SOURCE INFORMATION:
========================
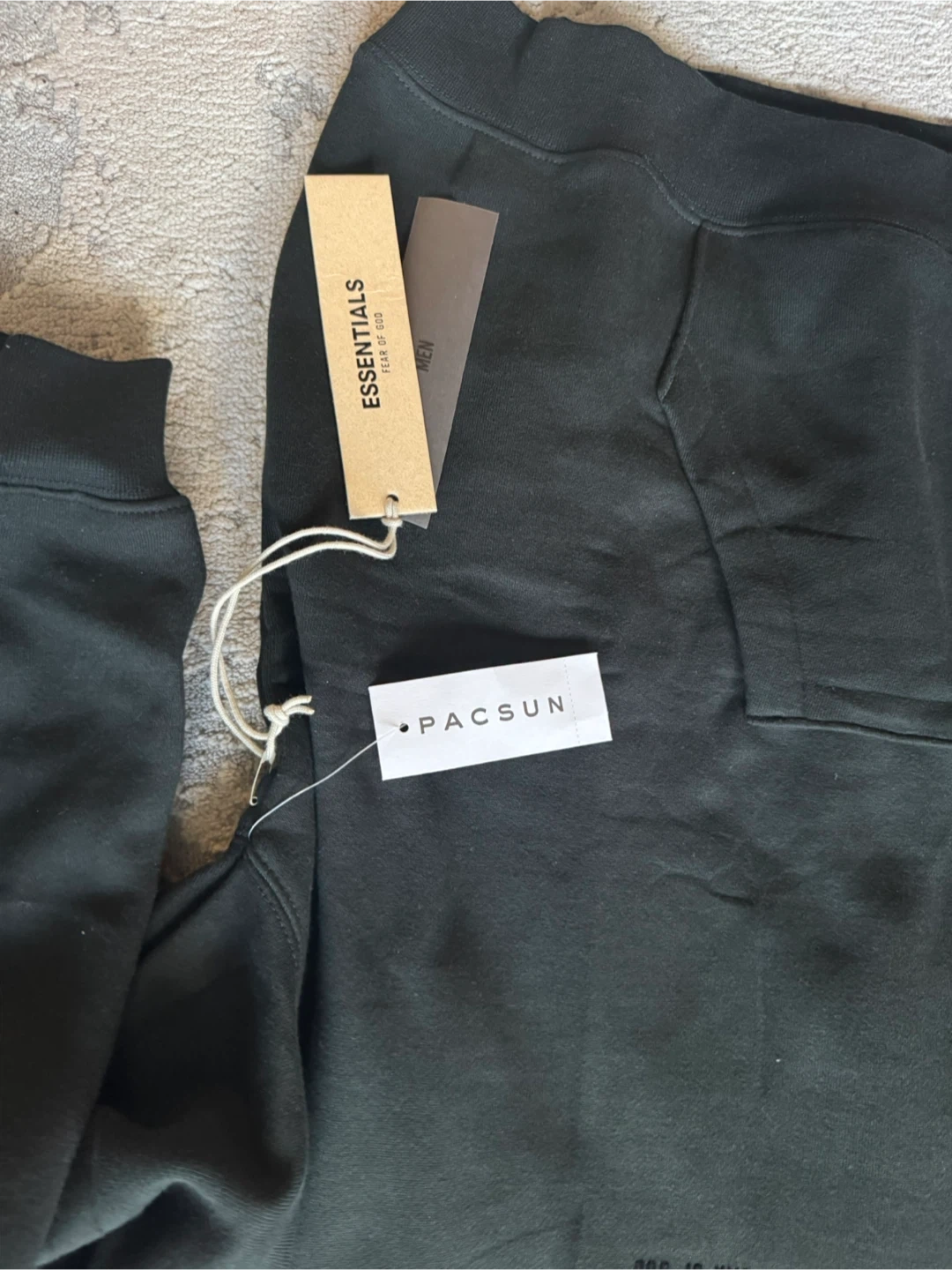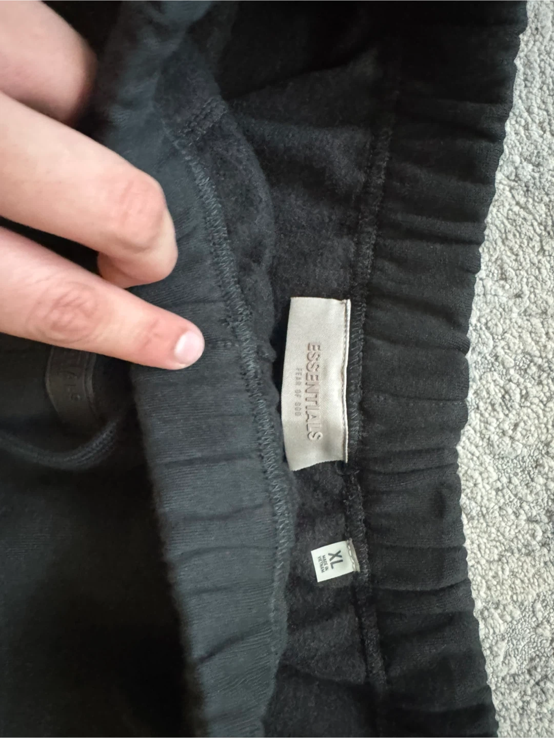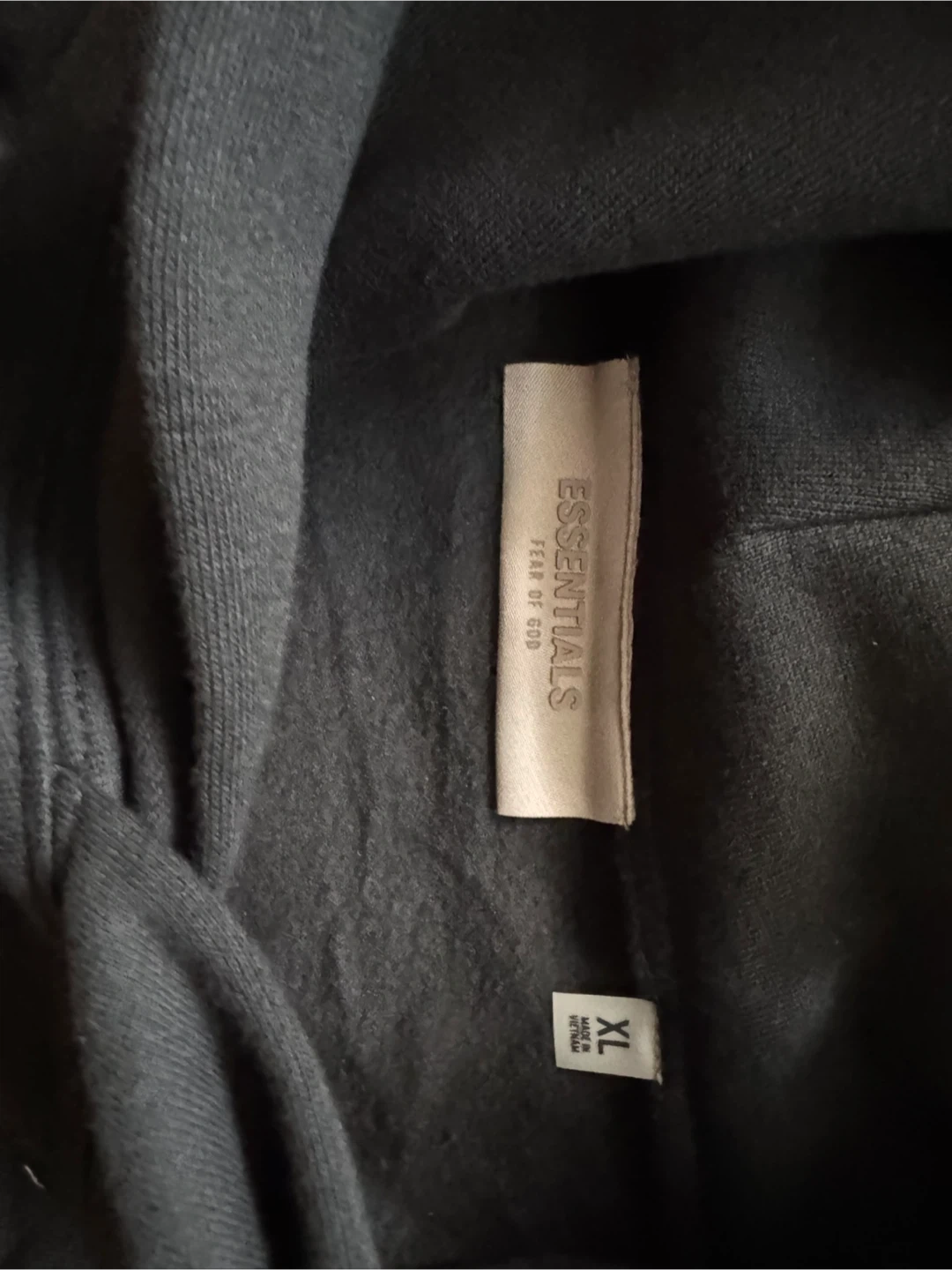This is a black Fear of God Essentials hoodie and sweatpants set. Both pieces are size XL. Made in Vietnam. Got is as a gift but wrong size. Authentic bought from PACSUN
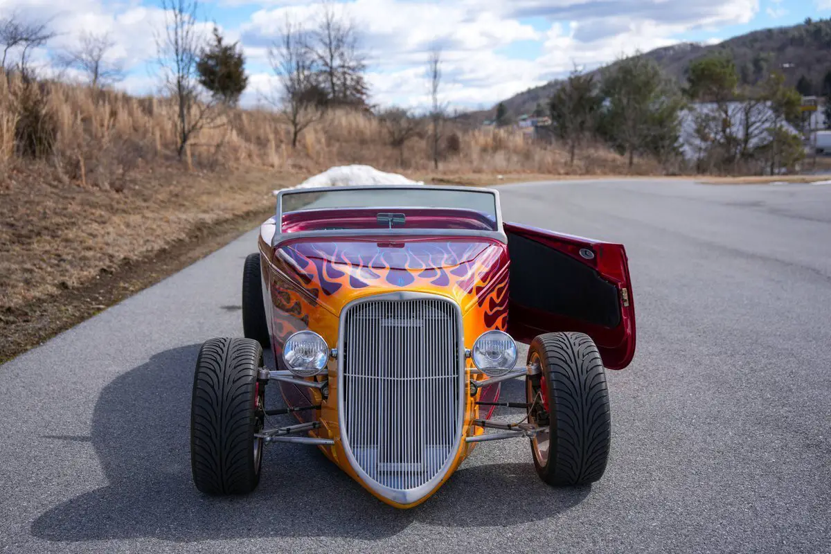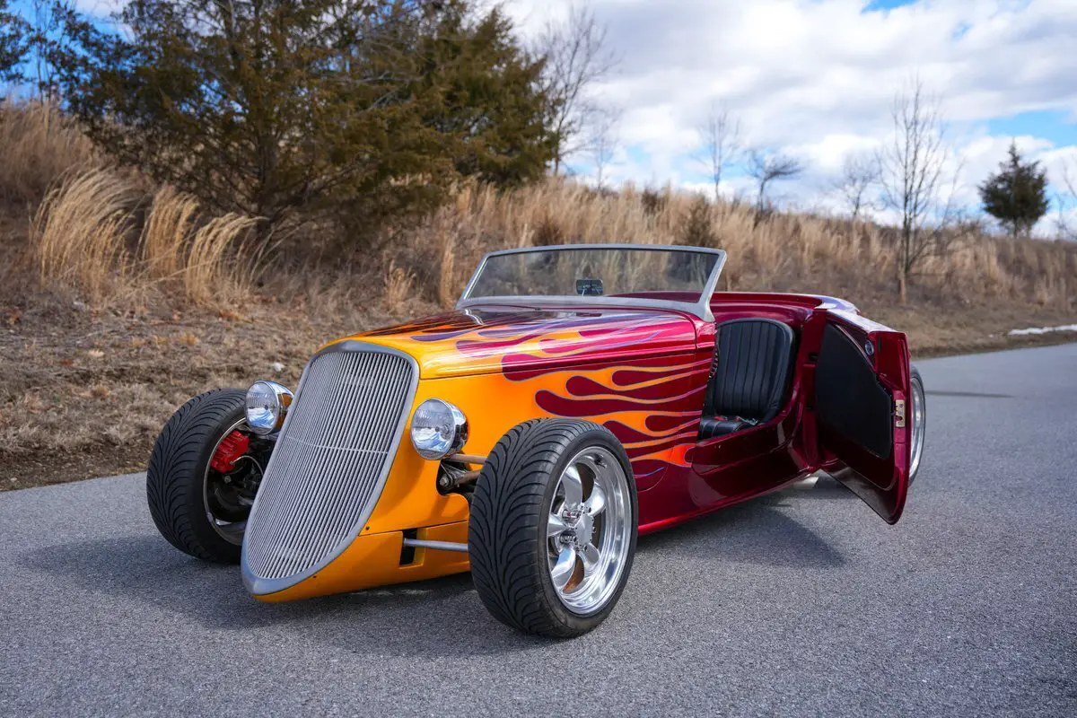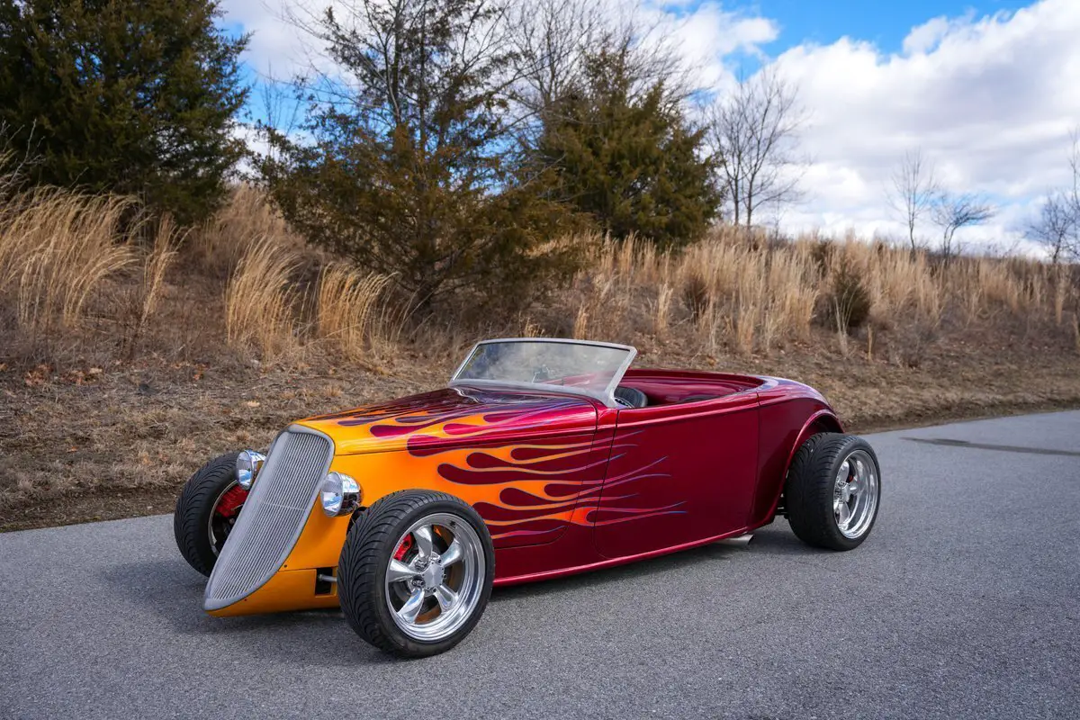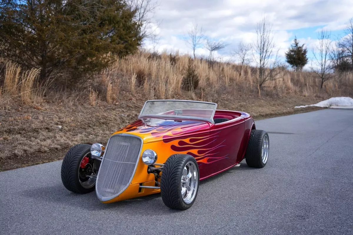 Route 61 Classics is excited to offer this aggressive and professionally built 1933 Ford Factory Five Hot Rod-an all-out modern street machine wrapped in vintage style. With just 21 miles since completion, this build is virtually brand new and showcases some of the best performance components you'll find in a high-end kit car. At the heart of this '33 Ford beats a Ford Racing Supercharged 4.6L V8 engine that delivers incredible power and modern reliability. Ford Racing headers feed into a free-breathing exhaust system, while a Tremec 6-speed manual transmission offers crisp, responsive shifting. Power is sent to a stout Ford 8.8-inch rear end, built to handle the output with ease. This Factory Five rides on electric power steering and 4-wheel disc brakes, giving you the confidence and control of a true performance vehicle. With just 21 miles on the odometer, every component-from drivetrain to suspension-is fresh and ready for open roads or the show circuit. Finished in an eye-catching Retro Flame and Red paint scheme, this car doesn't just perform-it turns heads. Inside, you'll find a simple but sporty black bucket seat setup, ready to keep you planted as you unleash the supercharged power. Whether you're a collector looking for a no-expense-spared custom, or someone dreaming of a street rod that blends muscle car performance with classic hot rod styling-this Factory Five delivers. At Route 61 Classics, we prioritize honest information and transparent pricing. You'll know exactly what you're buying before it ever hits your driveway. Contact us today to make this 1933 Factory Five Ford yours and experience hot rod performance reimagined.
========================
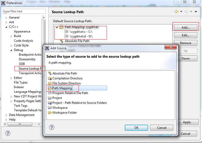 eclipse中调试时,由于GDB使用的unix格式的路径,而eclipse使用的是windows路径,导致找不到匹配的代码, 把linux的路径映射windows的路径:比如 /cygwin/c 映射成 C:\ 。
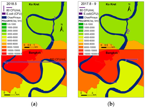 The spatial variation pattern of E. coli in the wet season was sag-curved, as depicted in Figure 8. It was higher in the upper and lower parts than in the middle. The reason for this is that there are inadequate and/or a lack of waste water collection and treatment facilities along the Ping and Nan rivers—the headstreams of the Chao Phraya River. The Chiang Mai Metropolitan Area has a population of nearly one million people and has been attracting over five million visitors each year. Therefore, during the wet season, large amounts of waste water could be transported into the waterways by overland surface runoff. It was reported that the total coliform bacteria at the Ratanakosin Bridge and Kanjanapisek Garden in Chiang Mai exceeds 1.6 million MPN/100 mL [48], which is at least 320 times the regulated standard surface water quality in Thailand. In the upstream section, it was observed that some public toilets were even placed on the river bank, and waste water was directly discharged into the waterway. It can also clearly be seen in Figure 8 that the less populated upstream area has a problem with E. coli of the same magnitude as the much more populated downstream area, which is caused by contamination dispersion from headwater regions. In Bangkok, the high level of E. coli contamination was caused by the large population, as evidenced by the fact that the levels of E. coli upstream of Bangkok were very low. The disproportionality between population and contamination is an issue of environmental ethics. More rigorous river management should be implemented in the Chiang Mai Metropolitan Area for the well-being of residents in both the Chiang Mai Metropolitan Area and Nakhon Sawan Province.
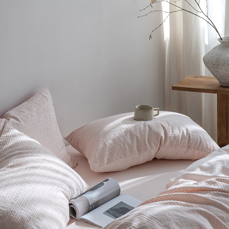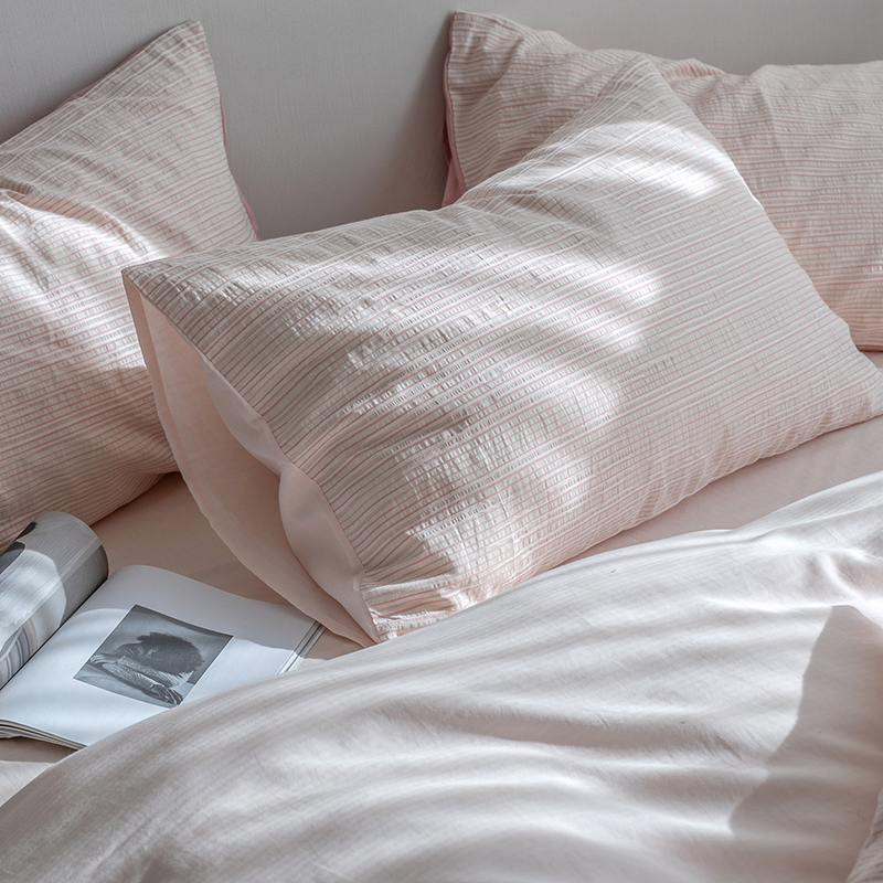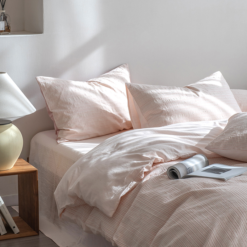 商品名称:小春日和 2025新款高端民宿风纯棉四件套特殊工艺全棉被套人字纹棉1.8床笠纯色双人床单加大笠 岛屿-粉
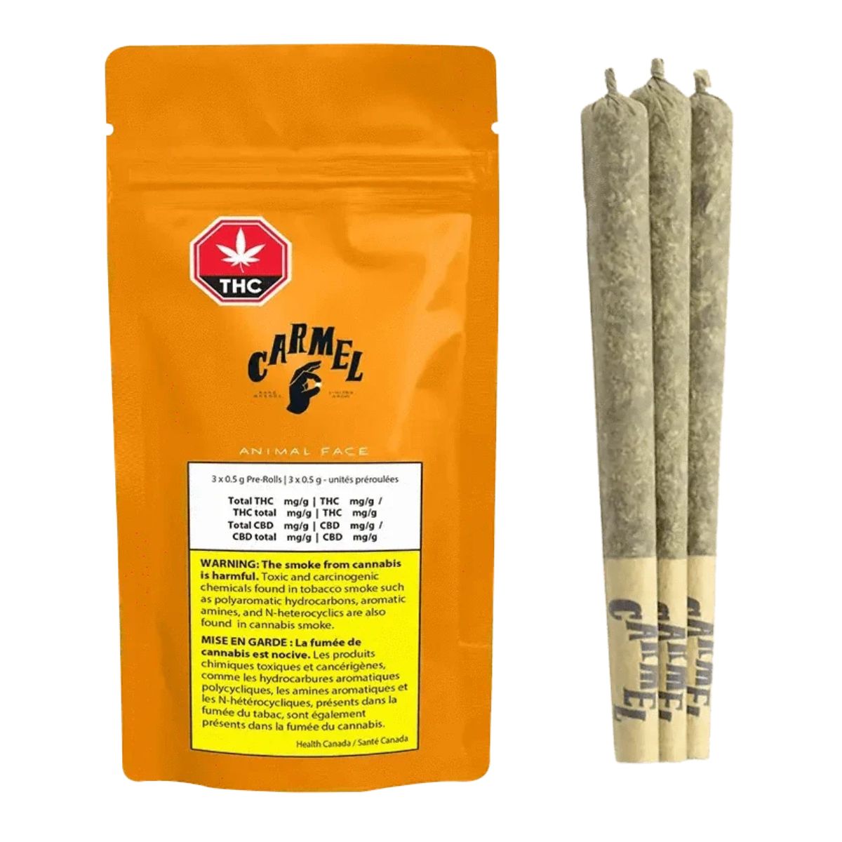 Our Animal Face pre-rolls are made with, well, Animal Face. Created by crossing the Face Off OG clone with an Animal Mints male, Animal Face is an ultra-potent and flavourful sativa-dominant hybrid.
========================
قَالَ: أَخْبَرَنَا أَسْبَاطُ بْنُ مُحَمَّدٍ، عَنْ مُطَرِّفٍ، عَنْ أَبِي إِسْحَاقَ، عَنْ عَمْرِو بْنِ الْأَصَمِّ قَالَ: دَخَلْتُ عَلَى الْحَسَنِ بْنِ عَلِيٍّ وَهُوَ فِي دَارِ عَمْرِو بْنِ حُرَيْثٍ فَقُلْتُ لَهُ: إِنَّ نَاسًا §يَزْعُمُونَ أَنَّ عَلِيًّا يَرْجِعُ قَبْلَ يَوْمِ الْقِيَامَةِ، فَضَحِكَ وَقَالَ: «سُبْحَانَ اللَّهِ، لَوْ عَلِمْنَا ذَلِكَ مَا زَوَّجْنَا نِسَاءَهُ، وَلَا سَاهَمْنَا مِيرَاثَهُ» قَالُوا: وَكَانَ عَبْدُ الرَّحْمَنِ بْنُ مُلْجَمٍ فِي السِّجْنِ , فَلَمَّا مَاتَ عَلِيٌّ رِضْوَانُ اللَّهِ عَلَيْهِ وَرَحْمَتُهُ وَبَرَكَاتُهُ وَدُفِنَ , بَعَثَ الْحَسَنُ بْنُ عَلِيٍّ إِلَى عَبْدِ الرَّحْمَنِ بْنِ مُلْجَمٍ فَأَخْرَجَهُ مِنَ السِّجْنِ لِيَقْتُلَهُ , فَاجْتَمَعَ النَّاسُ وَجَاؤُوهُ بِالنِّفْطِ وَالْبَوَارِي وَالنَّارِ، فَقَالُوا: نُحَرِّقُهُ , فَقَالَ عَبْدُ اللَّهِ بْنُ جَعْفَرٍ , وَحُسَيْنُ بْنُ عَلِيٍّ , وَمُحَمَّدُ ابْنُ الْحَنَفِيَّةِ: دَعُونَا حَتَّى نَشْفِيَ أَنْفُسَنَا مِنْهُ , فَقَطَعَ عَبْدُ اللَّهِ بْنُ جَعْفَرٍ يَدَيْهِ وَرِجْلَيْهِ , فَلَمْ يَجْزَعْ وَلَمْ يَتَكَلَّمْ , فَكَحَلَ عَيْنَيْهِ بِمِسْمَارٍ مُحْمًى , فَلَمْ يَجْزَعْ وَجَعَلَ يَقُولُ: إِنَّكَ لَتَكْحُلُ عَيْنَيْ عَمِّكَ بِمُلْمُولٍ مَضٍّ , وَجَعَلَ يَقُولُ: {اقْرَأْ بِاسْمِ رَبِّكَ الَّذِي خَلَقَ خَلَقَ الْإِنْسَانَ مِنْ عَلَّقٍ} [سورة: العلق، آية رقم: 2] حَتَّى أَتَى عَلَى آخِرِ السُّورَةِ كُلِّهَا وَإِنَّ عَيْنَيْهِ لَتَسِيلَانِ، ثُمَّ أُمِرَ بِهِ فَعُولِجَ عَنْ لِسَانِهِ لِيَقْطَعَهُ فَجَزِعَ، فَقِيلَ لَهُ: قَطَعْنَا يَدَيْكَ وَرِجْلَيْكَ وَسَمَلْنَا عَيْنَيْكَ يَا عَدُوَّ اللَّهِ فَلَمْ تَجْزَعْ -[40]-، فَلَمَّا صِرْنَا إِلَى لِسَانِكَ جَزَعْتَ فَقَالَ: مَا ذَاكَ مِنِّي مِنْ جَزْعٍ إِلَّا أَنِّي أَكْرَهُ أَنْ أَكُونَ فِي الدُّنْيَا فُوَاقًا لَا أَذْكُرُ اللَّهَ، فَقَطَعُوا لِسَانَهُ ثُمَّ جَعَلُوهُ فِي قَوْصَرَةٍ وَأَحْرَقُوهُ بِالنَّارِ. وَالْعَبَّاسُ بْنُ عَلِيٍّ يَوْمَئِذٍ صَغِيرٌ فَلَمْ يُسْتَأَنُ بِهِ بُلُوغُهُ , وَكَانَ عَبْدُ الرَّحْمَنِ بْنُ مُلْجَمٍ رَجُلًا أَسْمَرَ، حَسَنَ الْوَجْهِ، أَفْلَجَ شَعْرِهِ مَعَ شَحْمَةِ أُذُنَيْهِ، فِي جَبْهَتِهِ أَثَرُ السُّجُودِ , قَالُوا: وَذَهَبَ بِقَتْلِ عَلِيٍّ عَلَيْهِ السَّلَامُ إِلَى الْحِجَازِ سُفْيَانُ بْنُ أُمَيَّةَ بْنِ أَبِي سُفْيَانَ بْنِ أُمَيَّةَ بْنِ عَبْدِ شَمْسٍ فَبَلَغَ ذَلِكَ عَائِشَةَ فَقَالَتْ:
========================
Using the entries above, repeat exactly the lines from the one with "商品名称:小春日和 2025新款高端民宿风纯棉四件套特殊工艺全棉被套人字纹棉1.8床笠纯色双人床单加大笠 岛屿-粉" to the one with "Our Animal Face", both included, and leave the pictures behind.

 商品名称:小春日和 2025新款高端民宿风纯棉四件套特殊工艺全棉被套人字纹棉1.8床笠纯色双人床单加大笠 岛屿-粉
 Our Animal Face pre-rolls are made with, well, Animal Face. Created by crossing the Face Off OG clone with an Animal Mints male, Animal Face is an ultra-potent and flavourful sativa-dominant hybrid.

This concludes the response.